Graduates beware, the stakes are rising in the hunt for employment — at least in journalism.
On Monday The Full Story website published a press release and video of unemployed recent journalism graduate Rohan Smith under the headline, “300 rejections in four months leads to creative job hunting”.
Rohan had approached The Full Story with the idea of creating a “personal PR” press release after meeting the site’s advisor Michael Riley at a job interview. Rohan told Crikey, “I created a media release, he suggested maybe work with a couple of different mediums, including the video.”
In the video Rohan explains that despite his qualifications he has been unable to find a job in journalism and that his media release, reproduced by Crikey in our Media Briefs section Wednesday, is his attempt to make himself stand out from the crowd.
Rohan, who has actively applied for advertised jobs and cadetships and cold-canvassed media organisations, including from regional areas, told Crikey his “personal PR” was born out of necessity.
“I’m a bit of a shy person naturally, you see. I felt a need to make myself more accessible.”
Rohan Smith is not alone, he only knows two classmates from Monash who have successfully found work in the media since graduation in November last year.
Employment opportunities in traditional media like print and TV were already tending downward last year, but when the Global Financial Crisis arrived and ate advertising revenue, Fairfax canned its cadetship program and laid off hundreds of staff members.
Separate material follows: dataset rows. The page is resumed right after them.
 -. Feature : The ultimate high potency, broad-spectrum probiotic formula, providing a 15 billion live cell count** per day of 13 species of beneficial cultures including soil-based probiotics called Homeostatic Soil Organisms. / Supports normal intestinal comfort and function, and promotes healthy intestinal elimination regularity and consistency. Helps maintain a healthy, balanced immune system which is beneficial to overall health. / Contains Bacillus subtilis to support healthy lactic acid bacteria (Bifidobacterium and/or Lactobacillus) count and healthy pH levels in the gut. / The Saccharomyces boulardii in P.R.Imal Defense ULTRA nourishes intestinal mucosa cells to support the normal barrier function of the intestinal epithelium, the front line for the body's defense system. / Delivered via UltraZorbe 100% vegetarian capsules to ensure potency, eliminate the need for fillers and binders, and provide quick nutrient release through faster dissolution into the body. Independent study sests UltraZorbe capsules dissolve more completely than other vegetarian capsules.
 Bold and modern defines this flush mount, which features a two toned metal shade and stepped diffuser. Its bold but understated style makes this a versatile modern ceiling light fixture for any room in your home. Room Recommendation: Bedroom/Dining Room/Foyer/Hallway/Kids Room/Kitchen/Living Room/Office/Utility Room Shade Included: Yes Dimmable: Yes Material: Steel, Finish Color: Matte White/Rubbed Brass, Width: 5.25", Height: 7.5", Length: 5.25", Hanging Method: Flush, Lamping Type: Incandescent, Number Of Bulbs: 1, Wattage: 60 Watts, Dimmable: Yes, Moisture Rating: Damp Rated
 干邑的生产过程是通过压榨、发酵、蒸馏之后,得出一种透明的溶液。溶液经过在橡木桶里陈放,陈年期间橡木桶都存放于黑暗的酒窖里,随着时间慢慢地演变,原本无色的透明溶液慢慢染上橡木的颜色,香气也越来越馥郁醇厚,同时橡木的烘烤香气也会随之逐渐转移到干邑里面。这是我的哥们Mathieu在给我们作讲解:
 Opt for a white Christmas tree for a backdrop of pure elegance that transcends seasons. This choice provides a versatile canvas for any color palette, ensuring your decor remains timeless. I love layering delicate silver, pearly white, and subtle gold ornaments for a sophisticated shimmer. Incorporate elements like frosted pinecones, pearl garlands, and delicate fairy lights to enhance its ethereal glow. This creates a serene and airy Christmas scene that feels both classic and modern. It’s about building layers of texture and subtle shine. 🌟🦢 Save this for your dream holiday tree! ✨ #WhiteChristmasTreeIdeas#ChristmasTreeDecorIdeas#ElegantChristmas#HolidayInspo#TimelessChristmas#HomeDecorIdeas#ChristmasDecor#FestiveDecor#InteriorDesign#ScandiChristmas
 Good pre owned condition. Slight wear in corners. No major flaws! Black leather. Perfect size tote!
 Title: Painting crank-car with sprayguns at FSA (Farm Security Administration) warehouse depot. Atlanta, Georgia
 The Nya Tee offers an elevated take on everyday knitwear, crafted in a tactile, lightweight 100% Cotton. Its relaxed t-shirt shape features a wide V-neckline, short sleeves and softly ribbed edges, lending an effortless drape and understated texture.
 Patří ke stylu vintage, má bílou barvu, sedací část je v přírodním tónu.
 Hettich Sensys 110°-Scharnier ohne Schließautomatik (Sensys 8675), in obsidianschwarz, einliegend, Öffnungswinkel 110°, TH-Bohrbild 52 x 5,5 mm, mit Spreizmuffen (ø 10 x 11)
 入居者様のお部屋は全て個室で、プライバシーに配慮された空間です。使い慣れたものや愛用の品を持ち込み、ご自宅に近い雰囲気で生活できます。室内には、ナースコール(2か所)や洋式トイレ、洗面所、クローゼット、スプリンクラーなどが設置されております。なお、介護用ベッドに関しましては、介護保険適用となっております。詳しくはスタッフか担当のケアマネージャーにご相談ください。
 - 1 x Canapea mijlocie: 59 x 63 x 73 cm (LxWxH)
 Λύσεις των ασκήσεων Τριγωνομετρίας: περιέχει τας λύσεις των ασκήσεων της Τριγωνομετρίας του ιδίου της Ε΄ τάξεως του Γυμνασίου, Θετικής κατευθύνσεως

News Ltd quickly followed with its own lay-offs.
RMIT’s journalism program director Maree Curtis told Crikey that although it was still too early to tell how the GFC would impact upon media jobs, she usually advised journalism graduates to wait six months before they start panicking.
“The vast majority of graduates who want to work as journalists — around 80% — find jobs within six months,” Curtis said.
“As jobs contract in traditional areas they’re opening in other areas like online.”
Although he has received a lot of encouragement following his personal PR debut, Rohan has not yet been offered a job.
“I’ve had one gentlemen who has called me and encouraged me to apply for a position,” he told Crikey, “I’m hopeful that this will work.”
Rohan, who failed to nab the ABC sports cadetship this year, told Crikey sports is where it’s at for him.
“Dream job? Probably a sports journalist for a large metro newspaper. Or any paper for that matter.”